Aku hanya memutar bola mata dengan bosan, tapi tertawa dalam hati. Aih Kevin lucu banget sih, minta dipites kayak kutu.
Tanpa pikir panjang lagi, aku menarik tangan Kevin untuk menyusul Fausta dan Nefa yang sudah berlari memasuki cabang sebelah kanan.
"Ay—"
"Weits, tunggu sebentar."
Langkahku terhenti melihat Farza tengah memakai kostun setannya. Sumpah. Ngocol abis. Ini yang ditakutin sama Nefa? Farza hanya memakai kaos hitam dengan struktur tulang, lengkap dengan topeng tengkorak di tangannya.
"Nefa gini doang takut?" ucap Farza geli.
"Kamu kayak gak kenal dia aja sih," Amira muncul dengan baju santainya. Sesekali dia melihat catatannya, "sebentar lagi Nefa dan Fausta akan sampai di sana."
Aku menoleh, "disana dimana?"
Farza dan Amira hanya saling pandang lalu tersenyum misterius.
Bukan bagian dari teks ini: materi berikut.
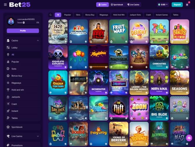 Independentemente do seu perfil de jogador, o Bet25 é um site de apostas que irá satisfazer facilmente todas as suas necessidades de jogo. A marca apresenta uma seleção impressionante de jogos de casino e a equipa obteve licenças de mais de 90 fornecedores de software , a maioria dos quais considerados entre os melhores.

"Madame," Farza seperti memanggil seseorang, dan muncullah seorang wanita paruh baya seperti seorang peramal.
"Apakah dia?" tunjuk wanita yang dipanggil Madame itu.
Kami menoleh ke arah pandangnya yang ternyata mengarah ke arah Dean. Wajah cowok itu terlihat datar, bahkan terkesan merendahkan wanita itu.
"Anda siapa?" tanya Dean ketika wanita itu telah hadir tepat di depannya.
"Kau tak perlu tau, anak muda."
"Sok misterius ih--" celetukan Kevin membuatku menjewer kupingnya.
"Comel bett lo jadi cowok, ih," kataku kesal.
"Walaupun comel begitu, dia adalah orang yang kau sayang, bukan?" perkataan Madame mendapatkan tepukan riuh dari Farza, Amira dan Mia.
Sedangkan Kevin udah nyengir kayak kuda gila. Ah, menyebalkan syekali. Minta ditabok. Tanpa izinku Kevin langsung merangkulku mesra. "Gak usah malu-malu lagi ya sama gue."
"ELONYA MALU-MALUIN!" teriakku bete tapi seneng.
Nah, aku gila sekarang. Gila akan cinta. Sejak kapan aku jatuh cinta sama kupret satu ini? Ah, ini menyebalkan.
"Apa yang anda inginkan?" tanya Dean tiba-tiba, membuat kami mengatupkan bibir dengan rapat.
Madame itu menyunggingkan senyum misterius. Mereka saling pandang untuk beberapa saat, seperti saling berbicara lewat pikiran masing-masing. Sedetik kemudian wajah Dean berubah pucat, menit berikutnya dia pingsan tak sadarkan diri di pelukan Mia.
Aretha's POV END
*
Fausta's POV
Hanya perasaanku saja, atau memang Nefa sedang dalam keadaan super duper triple gelisah? Dalam sepersekian detik, tangan mungilnya menguatkan genggamannya, lalu menguranginya.
"Takut ya lo?" godaku sambil mencolek dagunya.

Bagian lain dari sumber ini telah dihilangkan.